Veränderte Rahmenbedingungen im Agrarbereich erfordern eine Neuorientierung bei der Flächennutzung. Die energetische, aber auch stoffliche Nutzung der Biomasse kann zu einem besonderen Schwerpunkt für Mecklenburg-Vorpommern werden. Neben den dafür notwendigen technischen Innovationen ergeben sich auch erhebliche Beschäftigungspotenziale für Land- und Forstwirtschaft. Die Wettbewerbsfähigkeit entsprechender Produkte kann sich allerdings nicht allein aus ökologischen Vorteilen tragen, es gilt eine Vielzahl von Problemen im logistischen und technologischen Bereich zu lösen. Aber auch darin besteht eine Chance für Innovationen, Technologien und regionale Strukturen.

Ökologisches Bauen ist nicht nur eine Zukunftsoption und ein Erfordernis im Sinne des Klimaschutzes, sondern ein verbindendes Element zwischen den verschiedenen Interessen. Die Einmaligkeit touristischer Regionen kann dadurch aufgewertet werden und der Anspruch auf eine nachhaltige Entwicklung unmittelbar dokumentiert werden. Mit den Möglichkeiten der Energieeinsparung, des Einsatzes ökologischer Baustoffe und der Nutzung erneuerbarer Energiequellen können die Betriebskosten gesenkt und ein neuer Imagefaktor entwickelt werden. Das heißt, eine nachhaltige touristische und wirtschaftliche Entwicklung wird ermöglicht.

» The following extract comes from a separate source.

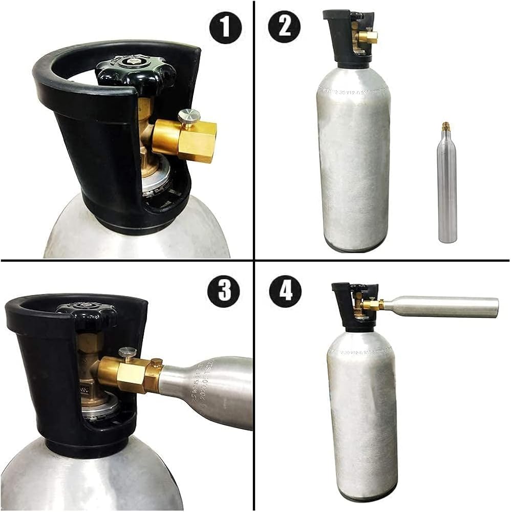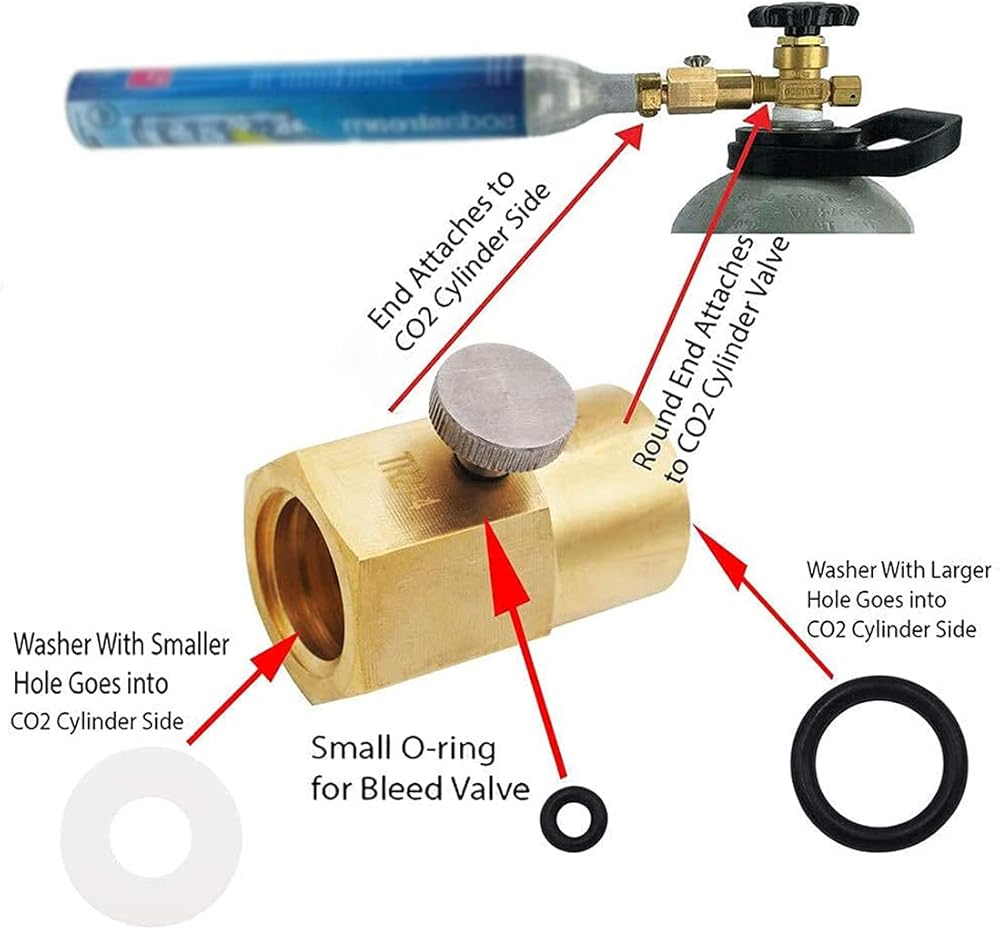 - سيمكنك محول تعبئة الأسطوانة سهل الاستخدام هذا من ملء ثاني أكسيد الكربون الخاص بك من الأسطوانة الكبيرة الكبيرة إلى أسطوانات أصغر.

In den letzten Jahren ist es gelungen, in diesem Land Pilotvorhaben auf den Weg zu bringen und beispielgebend in vielen Lebensbereichen Maßnahmen zu initiieren, die den oben genannten Möglichkeiten bereits Rechnung tragen. Beispielhaft seien genannt:

Erstens: Im Heizkraftwerk Friedland wird erstmals in Deutschland das Organic-Rankine-Cycle-Verfahren (Möglichkeit der Nutzung der Niedertemperaturwärme für die Stromerzeugung - ORC-Verfahren) bei der Biomasseverwertung angewendet; Planung und Begleitung liegen bei der Gesellschaft für Motoren und Kraftanlagen mbH (GMK) aus Bargeshagen.

Zweitens: Das erste ORC-Verfahren in Deutschland im Bereich Geothermie kommt in Neustadt-Glewe zur Anwendung; Planung und Begleitung liegen bei Geothermie Neubrandenburg GmbH (GTN).

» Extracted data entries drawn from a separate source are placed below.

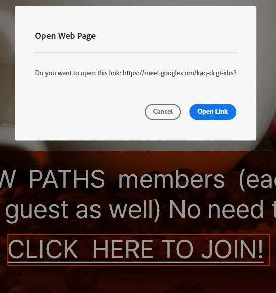 I have a PDF with a link that works perfectly—it directs users straight to the calendar session as intended. However, when the PDF is included in an email, the link no longer goes directly to the session. Instead, it triggers a pop-up asking if we want to open the link in a web page. Is there a way to disable this pop-up?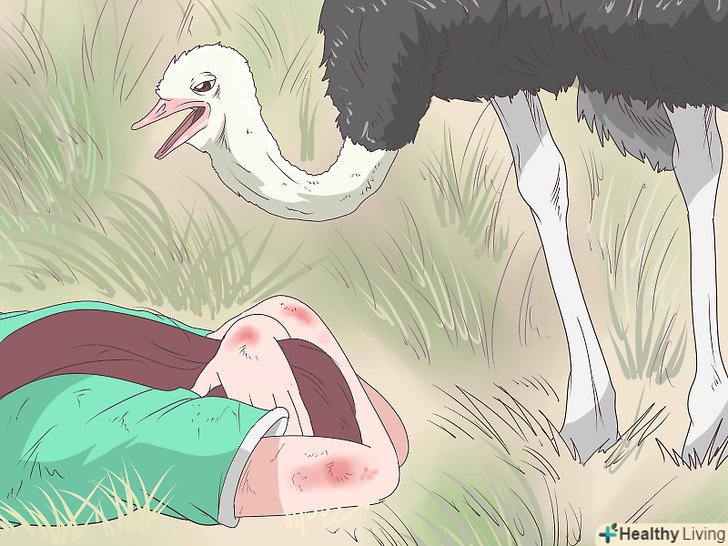 Ляжте на землю. Не біжіть до укриття або піднесеного місця, якщо воно розташоване занадто далеко від вас. Замість цього вдайтеся до крайней мере і Прикиньтеся мертвим. Ляжте животом на землю і прикрийте потилицю руками, щоб захистити голову. Страус може підійти і помацати, вдарити або наступити на вас. Зачекайте, поки йому це набридне і він відійде від вас. Врахуйте, що даний спосіб може привести до травм. [11]- Ризик травми від удару страусиної лапи набагато зменшується, коли людина лежить. Страус б'є вперед і вниз, причому найбільше зусилля він прикладає при русі лапи вперед.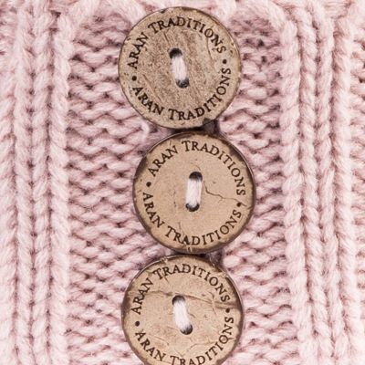 Traditional Diamond Cable design in soft cosy knit hat. Contrast colour Faux Fur Pom Pom gives a contemporary twist. Wide Rib Turn up hem with natural coconut button detail.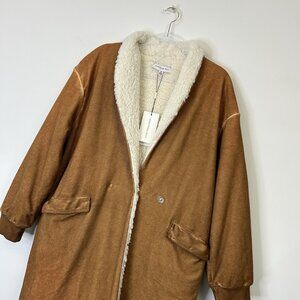 NEW Something Navy Reversible Teddy Coat Women’s Size Medium Camel Fleece

Drittens: In Rostock wurde ein großer Wohnblock mit Solaranlagen ausgerüstet, die Wohnungen mit Wärme versorgen, die überschüssige Wärme wird im Grundwasser gespeichert. Nach dem gleichen Prinzip soll in Neubrandenburg demnächst überschüssige Sommerwärme des GuD-Kraftwerks der Stadtwerke im Untergrund für eine Nutzung im Winter gespeichert werden, Planungen für dieses System erfolgten ebenfalls von GTN.

Viertens: Mecklenburg-Vorpommern ist inzwischen Vorreiter bei der Anwendung multifunktioneller Photovoltaikanlagen, z. B. bei fassadenintegrierter Anlagen-Verschattung, Wetterschutz und photovoltaische Energiewandlung, die größte Anlage im Land ging am 8. Dezember 2003 am Klinikum Süd in Rostock ans Netz.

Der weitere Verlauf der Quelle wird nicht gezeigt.